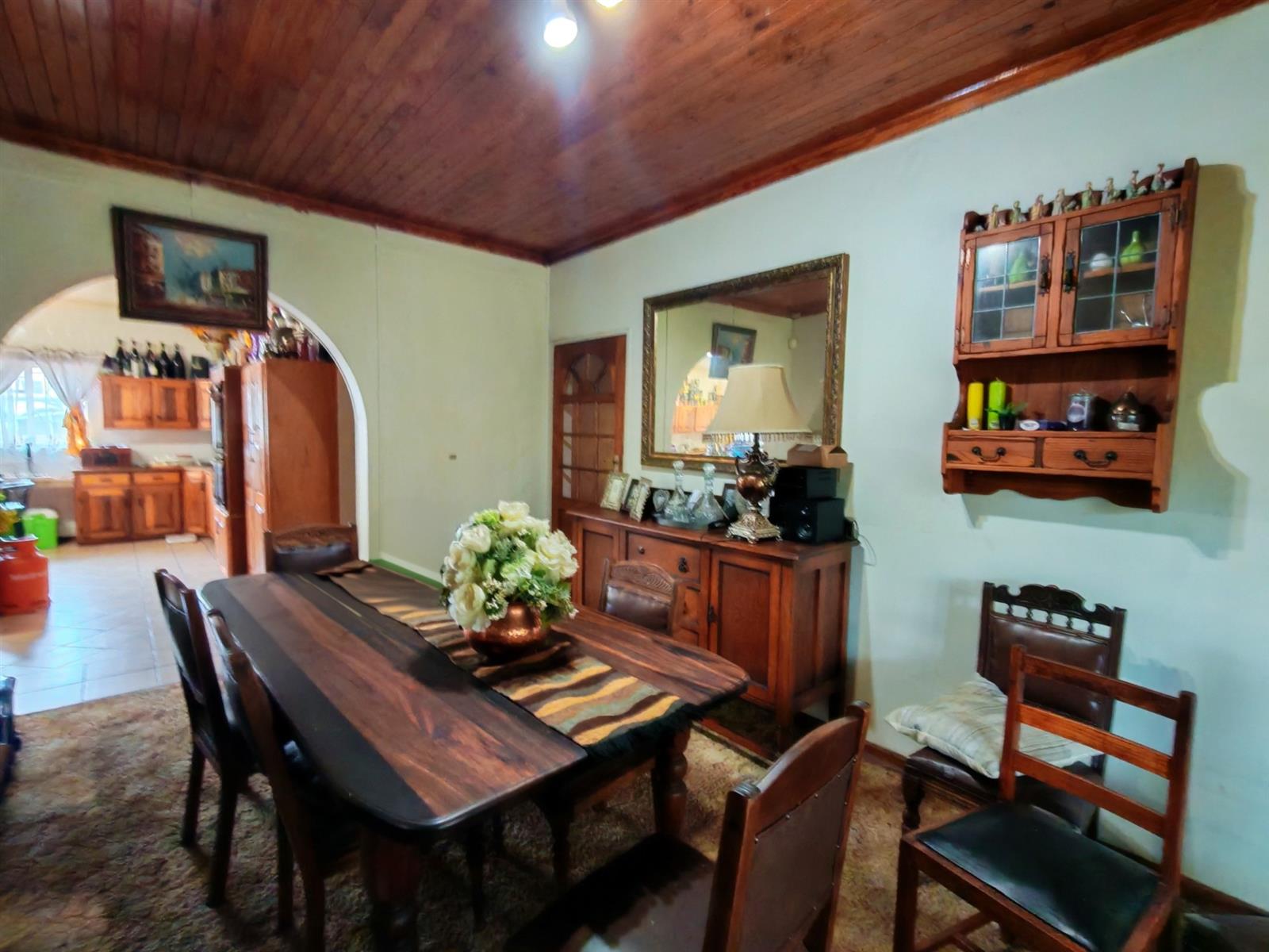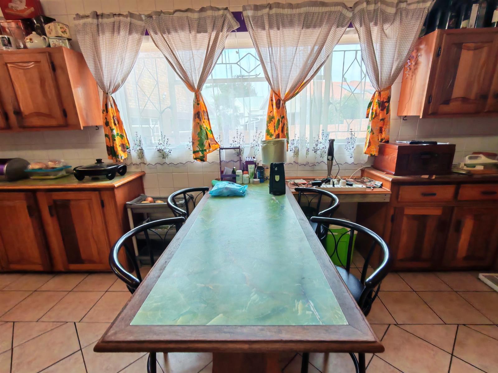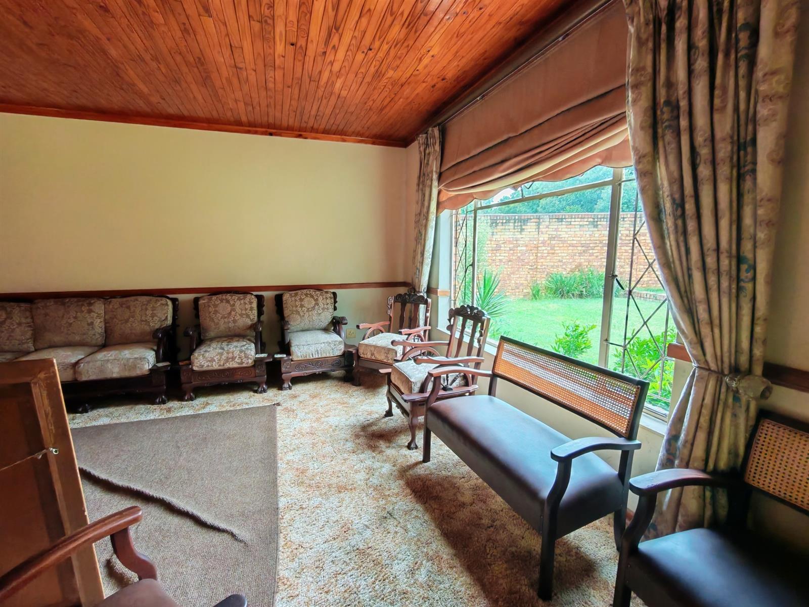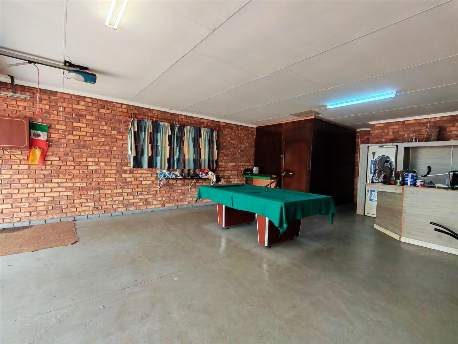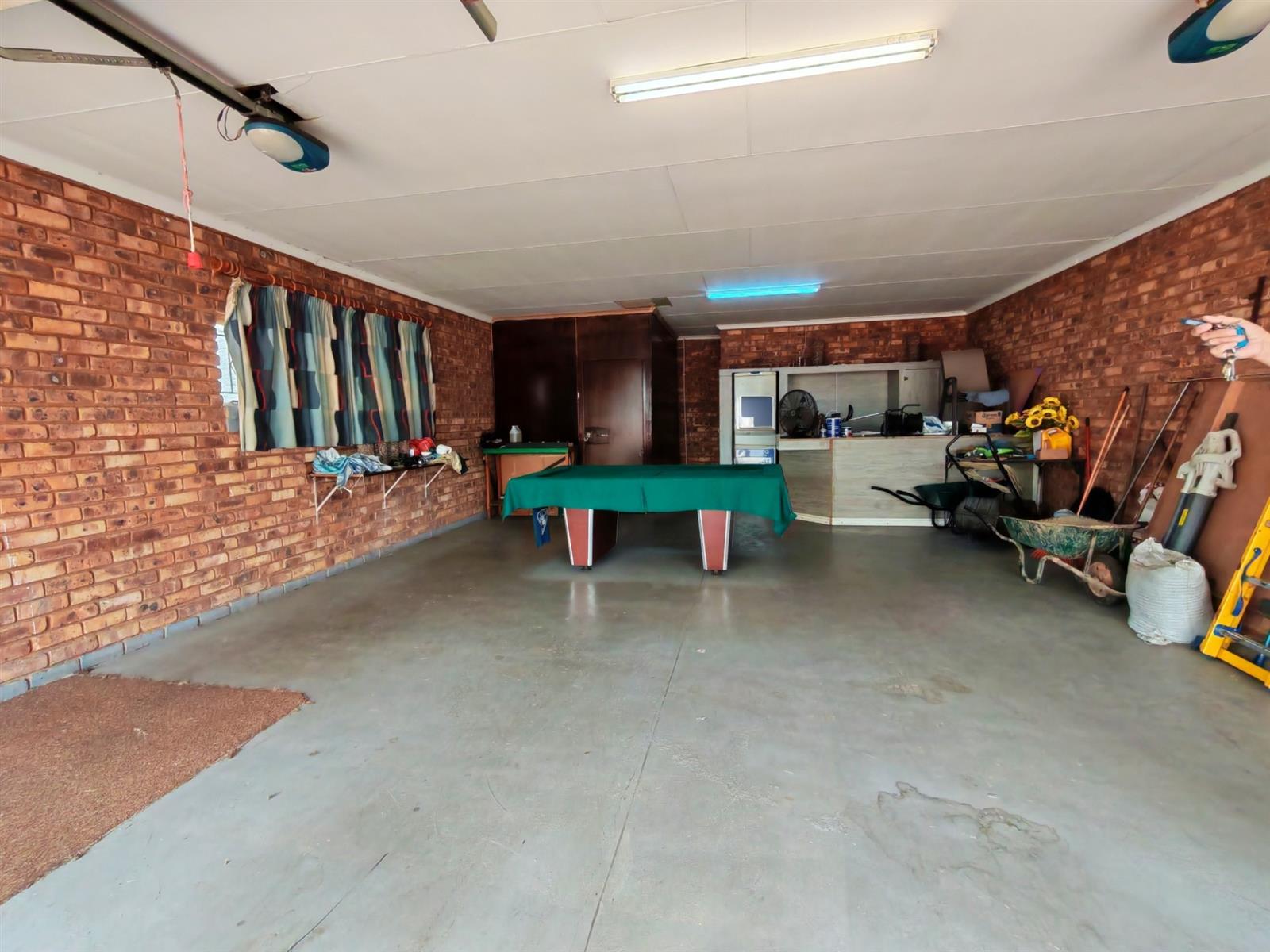 Upon entering through the majestic security gates, you will find the main house on your left and the flat on your right. There is also a sparkling pool, lapa, covered braai area and a garage with entertainment area as well as several parking spaces on the stand.
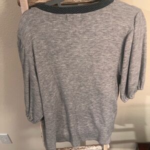 Stylish gray ribbed sweater by THML. Features a textured neckline.
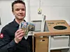 Butikksjef Christian Hagen hos Meny Ski Storsenter viser oss returpunktet på lageret. Før stasjonen ble flyttet, fjernet han en pakke med toner til en printer som var kastet i småelektrisk.

* _What you are asked to do_
Write out all the data exactly, minus pictures.

* _Reply to the exercise_
 Upon entering through the majestic security gates, you will find the main house on your left and the flat on your right. There is also a sparkling pool, lapa, covered braai area and a garage with entertainment area as well as several parking spaces on the stand.
 Stylish gray ribbed sweater by THML. Features a textured neckline.
 Butikksjef Christian Hagen hos Meny Ski Storsenter viser oss returpunktet på lageret. Før stasjonen ble flyttet, fjernet han en pakke med toner til en printer som var kastet i småelektrisk.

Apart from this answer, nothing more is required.